**Data for analysis**
——

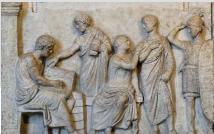
Abb. unten: Zensusrelief, ca. 100 v. Chr., Louvre
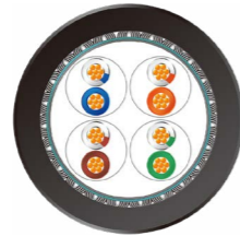
CAT5e 轨交车辆 以太网电缆
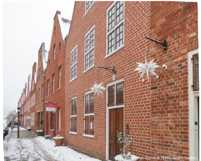
Holländisches Viertel

Dauer 1,5 Stunden Buchbar Nov. - Mrz. Preis pro Person (10 bis 15 Personen) 24€
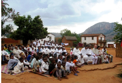
Soatanana constitue un havre de paix
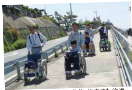
車いすでの西江井～魚住・住吉神社往復
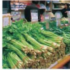
Fresh Vegetable and Fruits
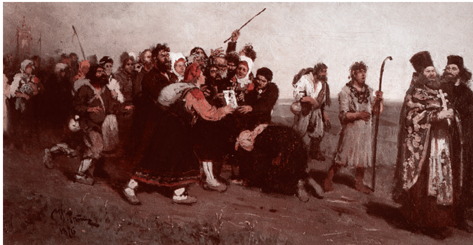
Илья Репин. Крестный ход (эскиз). 1877

Газета «Суть времени» зарегистрирована Федеральной службой по надзору в сфере связи, информационных технологий и массовых коммуникаций (Роскомнадзор) Свидетельство ПИ № ФС77-50554 от 9 июля 2012 года
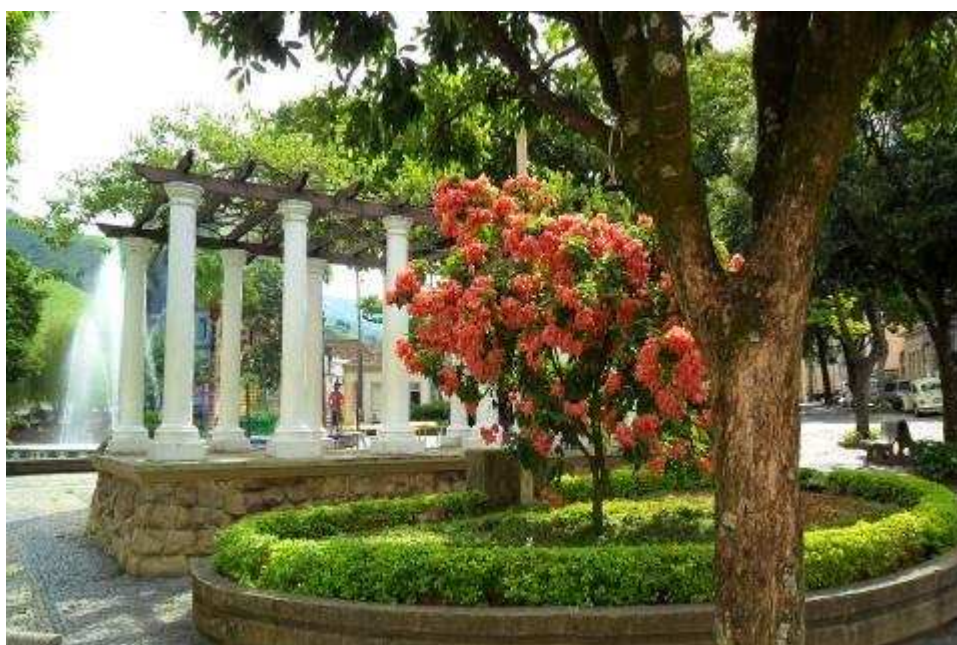
Foto 10 Praça Coronel Maximiano, Coreto principal, município de Carangola – MG.

Na primeira metade do século XIX Carangola teve seus primeiros núcleos de povoamento que contava, sobretudo, com índios Puris-Coroados vindos do litoral. A região que compreendia, geograficamente, o município em meados do século XIX era imensa: alcançava os municípios de Mariana, Pomba, Visconde do Rio Branco, Ubá e Muriaé. Nessa região estabeleceram-se grandes fazendeiros, antes do início da formação do povoado, na década de 1840. Carangola foi desmembrada do município de Muriaé pela Lei Provincial n.º 2500 de 12/11/1878 e, em 07 de janeiro de 1882, ocorreu a instalação do primeiro governo municipal. Nessa época em que a cidade foi emancipada, ela compreendia os distritos de Tombos do Carangola, São Mateus, São Sebastião da Barra, Alto Carangola, São Francisco do Glória, Espera Feliz e Divino do Espírito Santo do Carangola. Na imensa área que constituía o município, em 1882, ocorreram sucessivos desmembramentos que hoje formam 12 municípios.
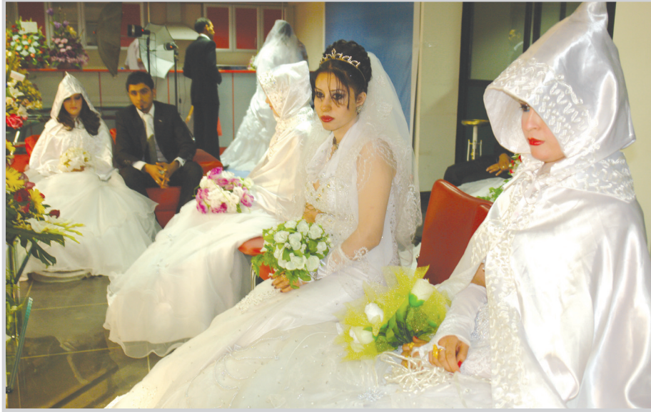
احدى صديقاتي في البصرة التي اختارت الزواج في العيد أيضاً

قالت: البصرة اليوم هي غير ماكانت عليه قبل عام، فالأمان في كل مكان، وبالإمكان الاستمرار في الحياة، وبالفعل نمارس حياتنا بالشكل الذي نريد، واخترت الزواج في هذا اليوم المبارك لأنهي حياة الوحدة والشعور بالعنوسة. وأتملت حديثها: لست أنا وحدي تزوجت وإنما أختي أيضاً تزوجت، وحالات الزواج في البصرة باتت ظاهرة يومية، سواء في الفنادق أم في البيوت، وهناك عرسان يذهبون الى بغداد للزواج فيها او الى كردستان في مصايفها. والقادمون من كردستان في رحلة الاصطيف، أسدوا كثرة حالات الزواج سواء من سكنة كردستان أم من بغداد والمحافظات، مستغربين جمال الطبيعة، وهدوء الجو ولطافته. وتستمر حالات الزواج في كل مكان من العراق للبرهان على ان الحياة لن تتوقف وإنما تسير سيرها الصحيح، برغم كل الظروف مهما كانت صعبة.

——

**Work instructions**
Take the lines above from the top of the records through the one with "Foto 10 Praça" and repeat them exactly, without any pictures.

**Completed task**
Abb. unten: Zensusrelief, ca. 100 v. Chr., Louvre
CAT5e 轨交车辆 以太网电缆
Holländisches Viertel

Dauer 1,5 Stunden Buchbar Nov. - Mrz. Preis pro Person (10 bis 15 Personen) 24€
Soatanana constitue un havre de paix
車いすでの西江井～魚住・住吉神社往復
Fresh Vegetable and Fruits
Илья Репин. Крестный ход (эскиз). 1877

Газета «Суть времени» зарегистрирована Федеральной службой по надзору в сфере связи, информационных технологий и массовых коммуникаций (Роскомнадзор) Свидетельство ПИ № ФС77-50554 от 9 июля 2012 года
Foto 10 Praça Coronel Maximiano, Coreto principal, município de Carangola – MG.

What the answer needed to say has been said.